The attachment to independence has been proven many times in the past and in the war in Vietnam. It requires long centuries of struggle, wars, pains and jolts for Vietnam to finally become the size of a dragon today. One finds in the history of Vietnam a succession of small stories that the draftmen and storytellers Vink and Sơn succeeded in telling through theircomic strips. They know how to give to each a resonance of grandeur of a people who witness the dignity and the nobility in their poverty and sufferings. One finds in this history two thousand years of constant fight against the nature and water, which translates into not only a close attachment to the land but also an intimate and profound agreement between these peasants and this nature. Paul Mus did not hesitate in underscoring it in his work entitled « Vietnam, Sociologie d’une guerre, Paris, le Seuil 1952 ». This agreement proved to be so intimate that, everywhere where these circumstances were realized no people has resisted the thrust of the Vietnamese, nor any foreign force then came to the end of their engagement on the ground.
In spite of the Chinese occupation for one millenium, the Vietnamese ingrained of their culture, have preserved their language although it was transcribed in Chinese characters and later romanized after the arrival of Alexandre de Rhodes. If the Vietnamese have not refused any contribution from abroad, it is because they have succeeded with the « Vietnamization » in keeping what is dear to any people in the world, and that is the traditions. It is those that have been transmitted from one generation to the next by the frail men whose feet are buried in the mud of the rice field.

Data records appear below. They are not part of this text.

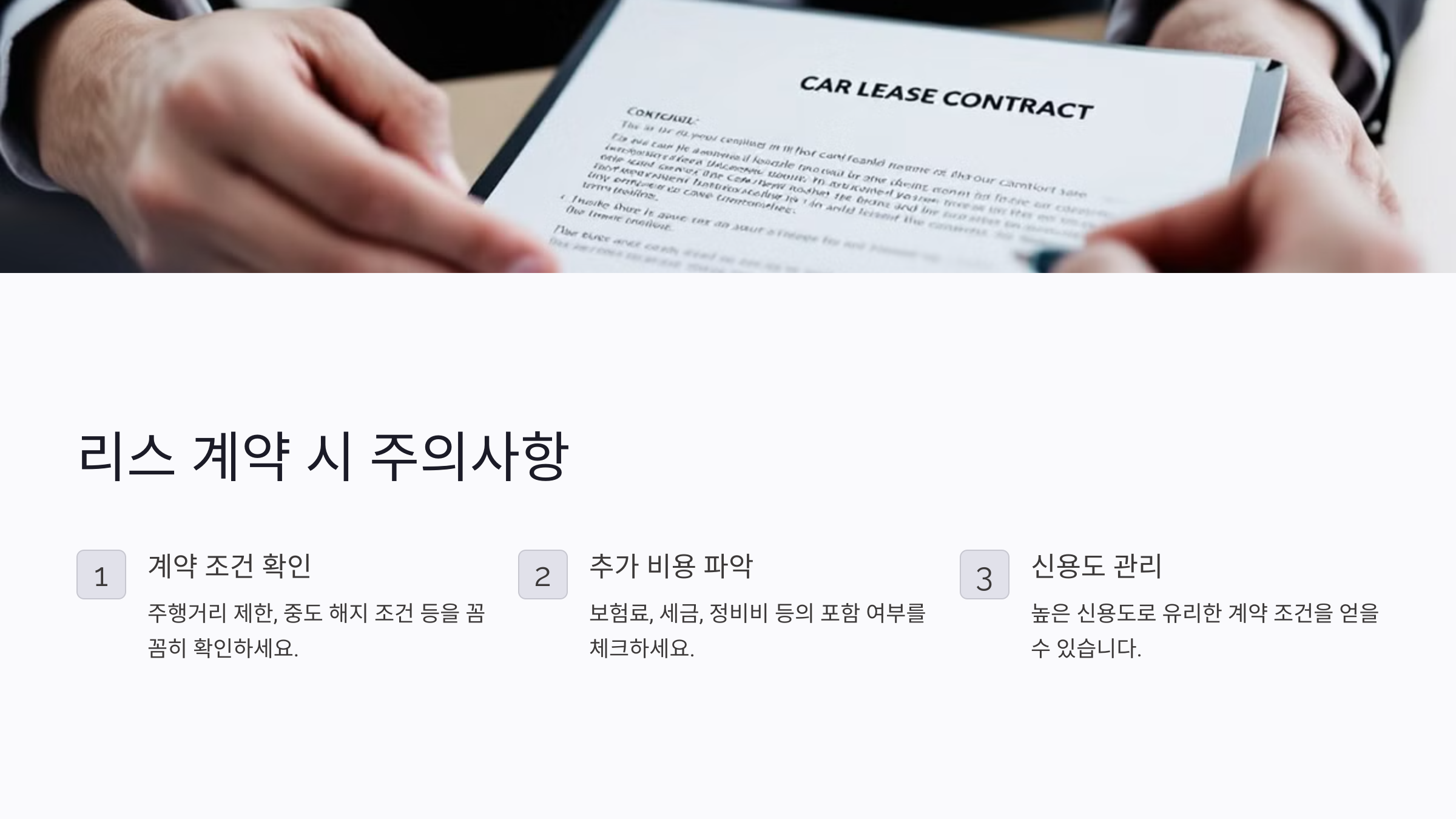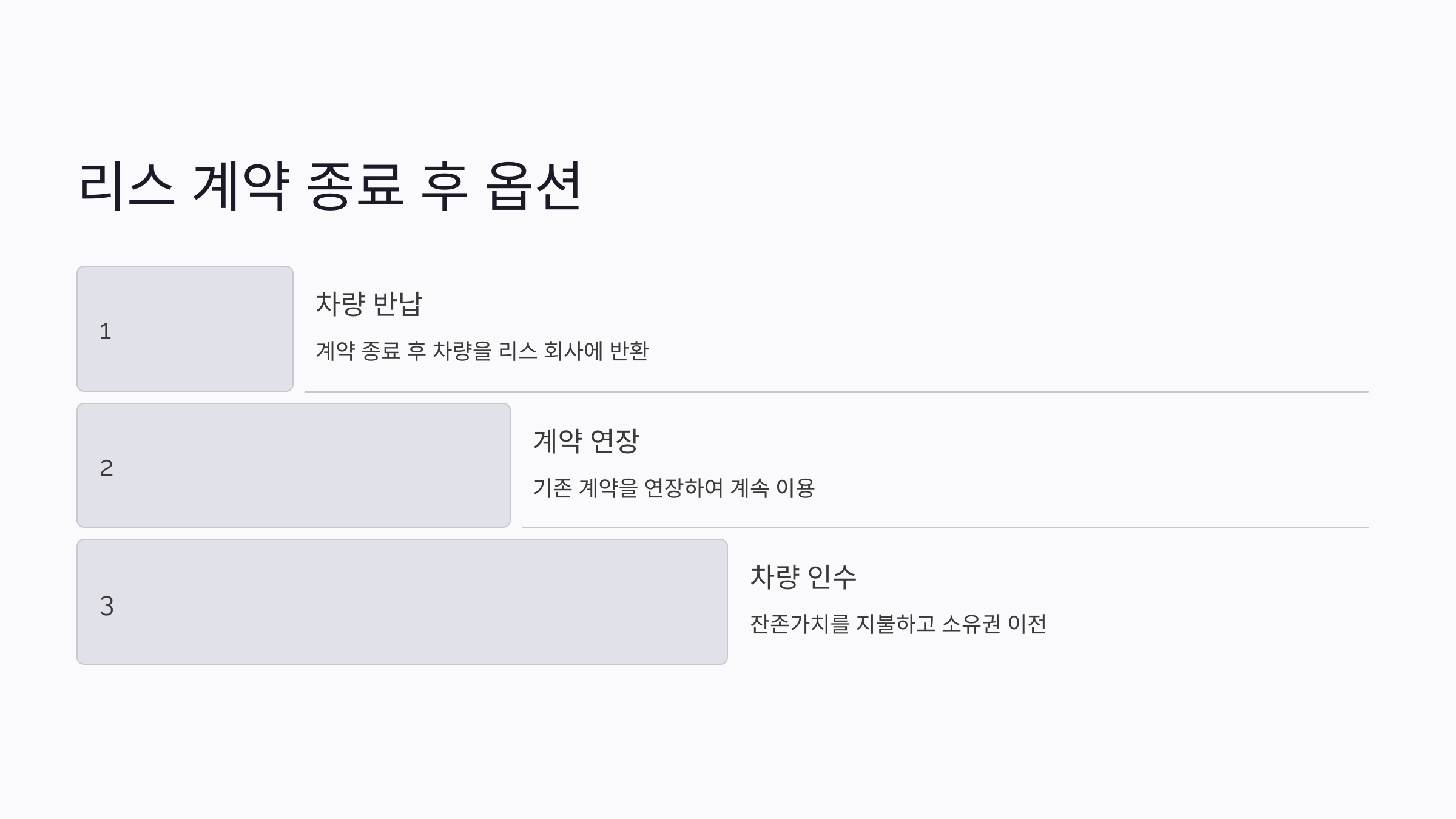 - 계약 종료 후 차량 반납이 기본이며, 인수 옵션을 선택할 수도 있어요.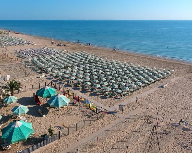 Private and equipped beach of 350 m2 that lies on the blue Adriatic Sea. It has a CARIBE BEACH chalet with a bar, sports equipment and entertainment.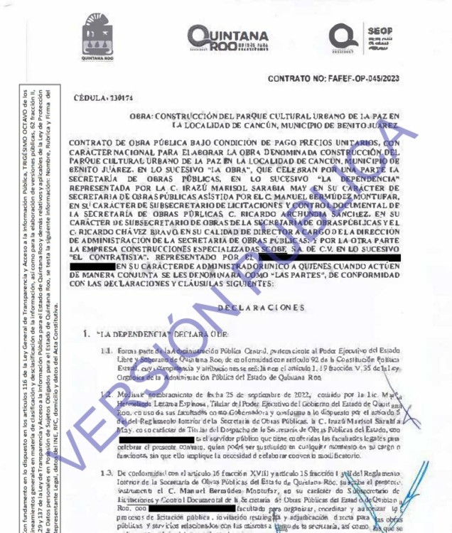 Construcciones Especializadas Scobe SA de CV, constituida en Tampico, Tamaulipas, y representada por Víctor Antonio Domínguez Cervantes firmó el contrato FAFEF-OP-045/2023 para la construcción del Parque Cultural Urbano de La Paz en Cancún, por la suma de 16 millones 994 mil 879.92 pesos.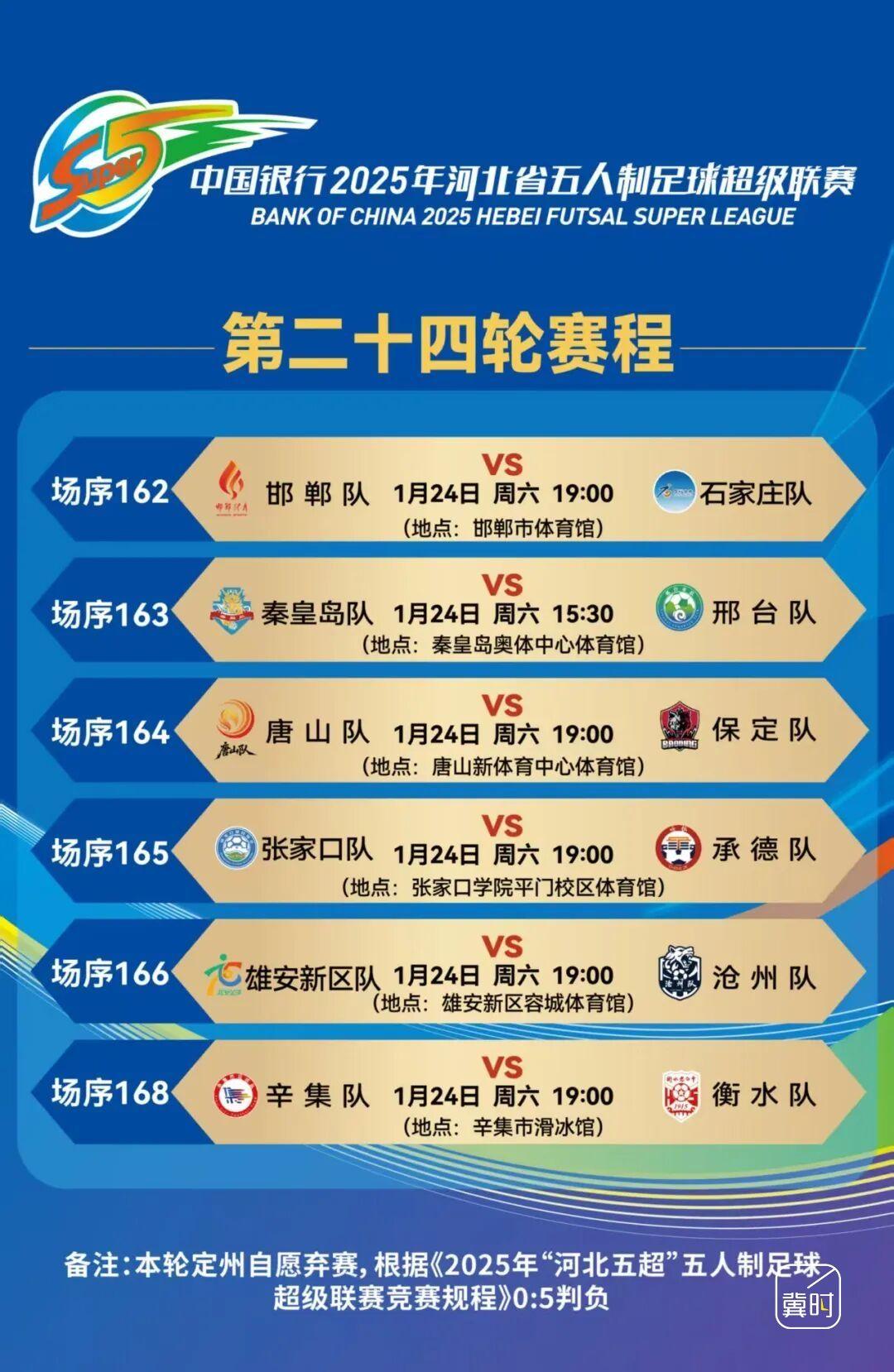 冀时新闻报道(河北台 魏海超)1月24日(周六),“河北五超”将迎来第24轮的角逐。届时,六大赛区将同时拉开战幕,12支球队再度集结,为联赛排名展开新一轮的激烈争夺。

How not to stick to this Vietnam, this lost country where sacrifice is not a vain word? This sacrifice is found time and again in the Annals of the history of Vietnam. I would rather be a ghost in the South than a prince in the North, declared General Trần Bình Trọng before being executed by the Mongols in 1257. Life is a game of chance. The chance is against us. It’s worth dying now for the country and set an example of sacrifice, said the nationalist leader Nguyễn Thái Học before being guillotined on June 17, 1930 in Yên Bái. How to erase in the collective memory the innocent face of the young captive emperor Hàm Nghi, exiled to Algeria at the age of 18 with tears in the eyes? How to forget the tragic death of the exiled emperor Duy Tân ( an aircrash in OuBangui-Chari, Africa ) whose announced return could probably change in 1945 the regrettable events of the history of Vietnam during the last decades?
How not to regret this native country that was however not tender ?. It was the feeling expressed by writer Huỳnh Quang Nhường in his best-seller « The land I lost », published by Castor Poche Flammarion.
Is a country that I like to exist still in the course of its history?.